Yes, that sounds sensible. But for a really smooth zoom you need to
include
lots of intermediate resolutions (ie not just 2x,4x etc).
Do you think those intermediate resolutions are scaled down from the
nearest
half-resolution greater than the required resolution - or is there a nice
(ie quick) way to combine the two resolutions that bound the required
resolution?

It's pretty common in computer graphics to use a pyramid of resolutions
for a texture, each level having half the resolution of the level above.
This takes only 4/3 as much space as a single maximum-resolution image.

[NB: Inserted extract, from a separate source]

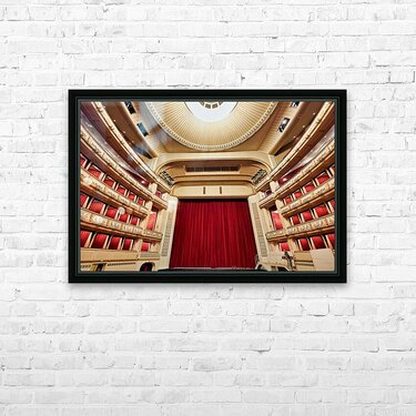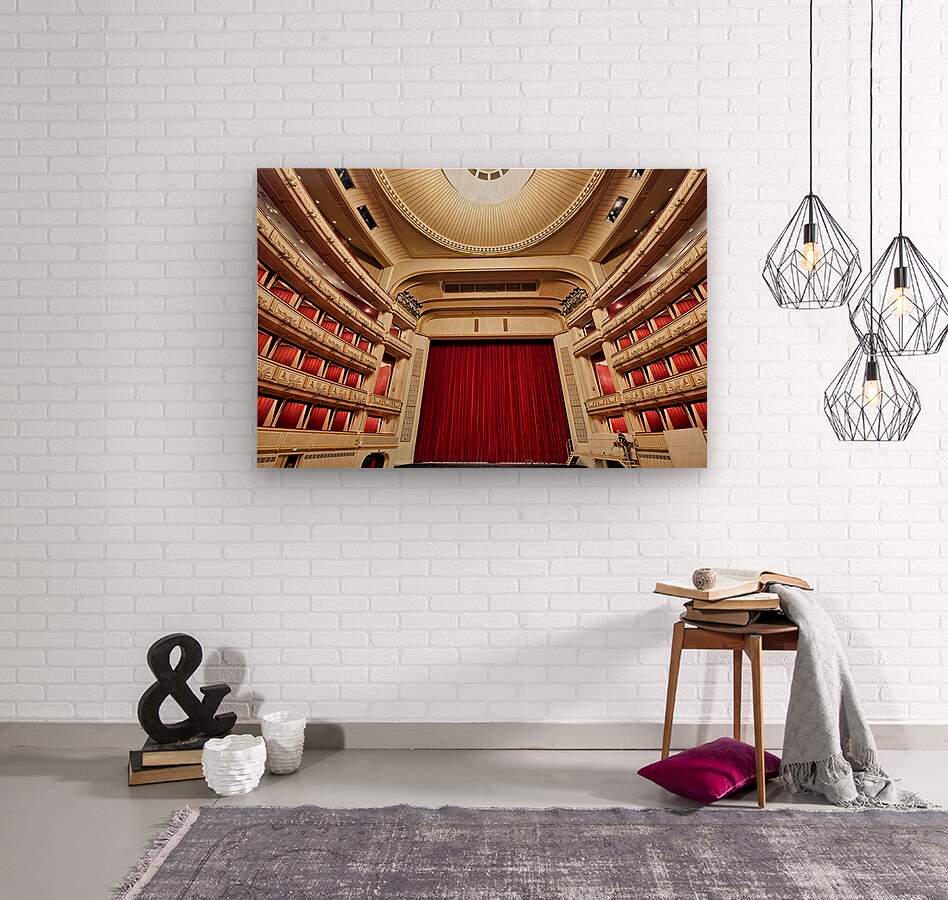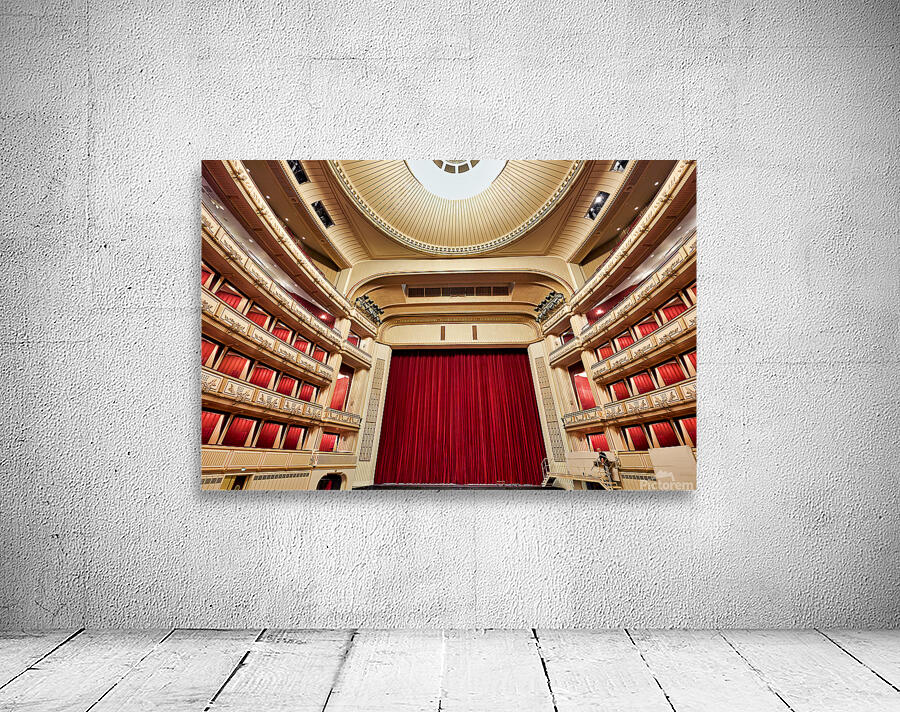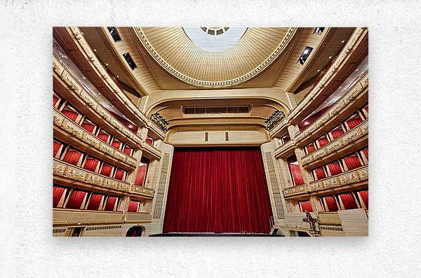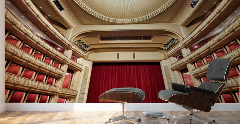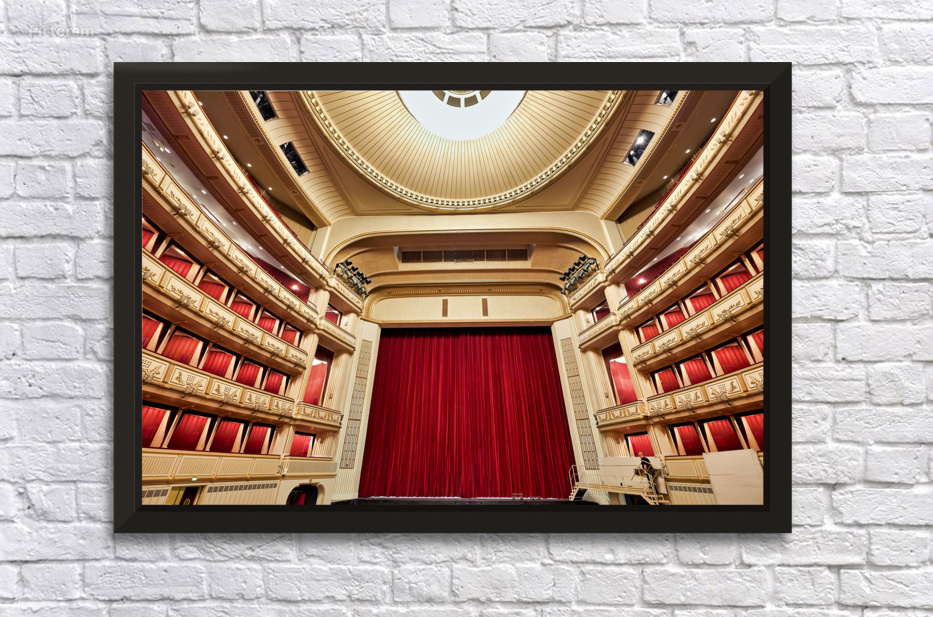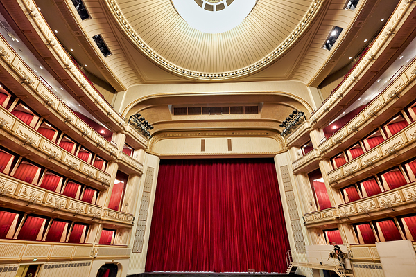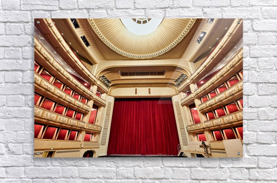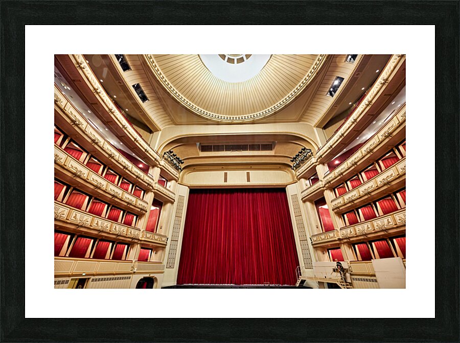 A stagehand walks on the side of the grand stage at the opulent Vienna State Opera in Vienna Austria preparing for a performance.

When applying the texture, just linearly interpolate between the two
nearest texture resolutions.

On the other hand, modern graphics cards with programmable shaders have
enormous computational power - tens or hundreds of times as much as the
main CPU. Resampling an existing 2D image to a new size and position is
actually a pretty simple operation, easily distributed among all the
shaders available on the card. My home computer's graphics card has 96
stream (shader) processors; the one at work has 128. That's a lot of
parallellism that can be put to work on resampling.

The programs you mention may be completely recalculating the
displayed image every frame. With the power to do that, it's trivial
to use a new scale factor and center point location every frame, giving
perfectly smooth panning and zooming.


Thanks a lot.

Yes, I think you're right. Once the data has been downloaded the business of
providing an arbitrary zoom and pan is easy for modern h/w.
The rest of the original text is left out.